Three years ago Fourth World Review published a long essay of mine entitled Energy Wars. The main thrust of the article was that piping energy around the place made sense to monopolists and elites intent upon controlling and profiting from the demand for piped energy. But for the rest of us local energy catchment...the Woking Strategy...was the way to go.

In arguing my case I remarked on the dwindling importance of oil in the future of piped energy. Putting ignorance and cock-up aside...despite the fact that these loom large on the international stage where miscalculation seems to be the norm...this means that the Anglo-American grab for Iraq’s oil was an insufficient justification for the costs of an invasion and the maintenance of a permanent presence in Mesopotamia. Think of the people, the money and the energy costs. Wars use up an awful lot of energy. The Iraq War energy account might even be in net deficit.

Hence I argued that the real reasons for the invasion of Iraq were not oil but the extension of the techniques of Central Banking into the Moslem World and of course to shore up the State of Israel by more direct means than hand-outs from the long-suffering American taxpayer. Confirmation of the latter has recently come to light with the publication of the Walt and Mearscheimer report on The Israel Lobby and US Foreign Policy. Incidentally in case you took my earlier remarks about this for an April Fool the lads from Harvard’s John F Kennedy School of Government have written a short version for The London Review of Books.

But my case also rested on my review of the future development proposed by energy producing industries in the fossil fuel business, the nuclear fission and fusion fiascos and the more hopeful worlds of hydrogen and solar energy (wind, wave, biofuels etc). It was in this context that I mentioned Buckminster Fuller’s proposal in his 1981 book Critical Path of a Global Electricity Grid and the emergence after its construction of the Kilowatt-Hour as the Global Reserve Currency to take the place once held by gold. Here is what Bucky had to say in Critical Path (page 206).

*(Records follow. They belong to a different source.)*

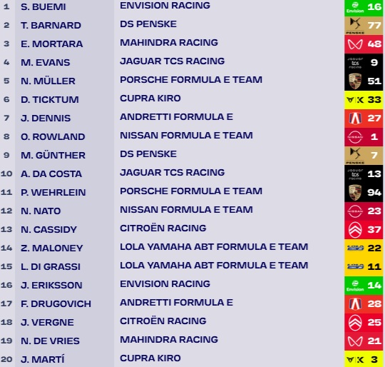 A segunda volta de Ticktum começou mal, com uma tangente à proteção da curva 1, arruinando o seu último esforço. Ninguém melhorou e Buemi ficou com o melhor tempo (1:06.325) seguido de Ticktum, Evans e Rowland, com Max Guenther e Pascal Wehrlein a ficarem de fora das eliminatórias.
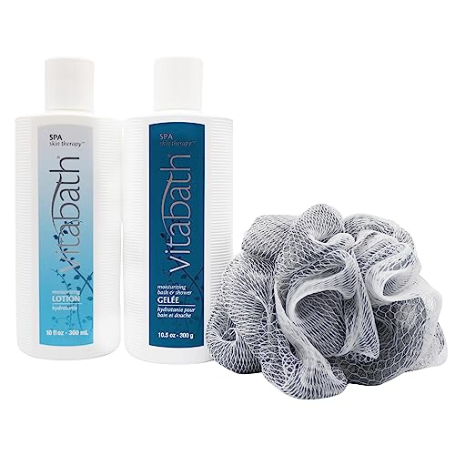 Vitabath Spa Skin Therapy Everyday Skincare Set Moisturizing Shower Gel Wash, Reviving Lotion & Exfoliating Body Scrubber Pouf - Refreshing Foam Cleanser & Dry Skin Hydration for Women & M
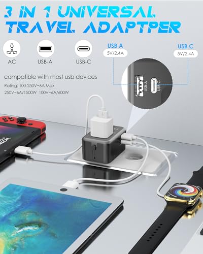 🌐 【Travel Adapter Built-in USB-A/USB-C Ports】– Our international power adapter has two USB ports. 1 x USB-A port, 1 x USB-C port, and 5V 2.4A per output, plus AC sockets. Allowing to charge up to 3 devices simultaneously. This international plug adapter can fully meet your basic usb charging needs.

It is engineeringly demonstrable that there is no known way to deliver energy safely from one part of the world to another in larger quantities and in swifter manner than by high-voltage-conducted ‘electricity’. For the first half of the twentieth century the limit-distance of technically practical deliverability of electricity was 350 miles. As a consequence of the post-World War II space programme’s employment and advancement of the invisible metallurgical, chemical and electronics more-with-lessing technology, twenty five years ago [now fifty] ir became technically feasible and expedient to employ ultra-high-voltage and superconductivity which can deliver electrical energy within a radial range of 1500 miles from the system’s dynamo generators.

To the World Game seminar of 1969 Buckminster Fuller presented his integrated, world-around, high-voltage electrical energy network concept. Employing the new 1500-mile transmission reach, this network made it technically feasible to span the Bering Straits to integrate the Alaskan USA and Canadian networks with Russia’s grid, which had recently been extended eastward into northern Siberia and Kamchatka to harness with hydroelectric dams the several powerful northwardly flowing rivers of north-easternmost USSR. This proposed network would interlink the daylight half of the world with the nighttime half.

Fuller argued that electrical energy integration of the night and day regions of the Earth will bring capacity into use at all times, thus overnight doubling the generating capacity of humanity because it will integrate all the most extreme night and day peaks and valleys. From the Bering Straits, Europe and Africa will be integrated westwardly through the USSR and China; Southeast Asia and India will become network integrated southwardly through the USSR. Central and South America will be integrated southwardly through Canada, the USA and Mexico.

Bucky’s idea is a dream-come-true for the lovers of macro-engineering projects. But it has two fundamental flaws. Firstly security. The power line will always be down somewhere. How can anyone stop the Global Electricity Grid being blown up by insurgents?

Secondly who needs it? The underlying energy truth is that the energy commons is not for privatising. Energy is not a scarce resource. In half an hour our world gets all the energy it needs for a whole year. Nature is prolific. The sun showers us with thousands of times more energy than we will ever need. The only energy pipes we truly need are within our village or parish electricity and hot water grids. All the other energy being piped around is not for the benefit of the users but for the profits of the pipe owners and the energy commodity monopolisers.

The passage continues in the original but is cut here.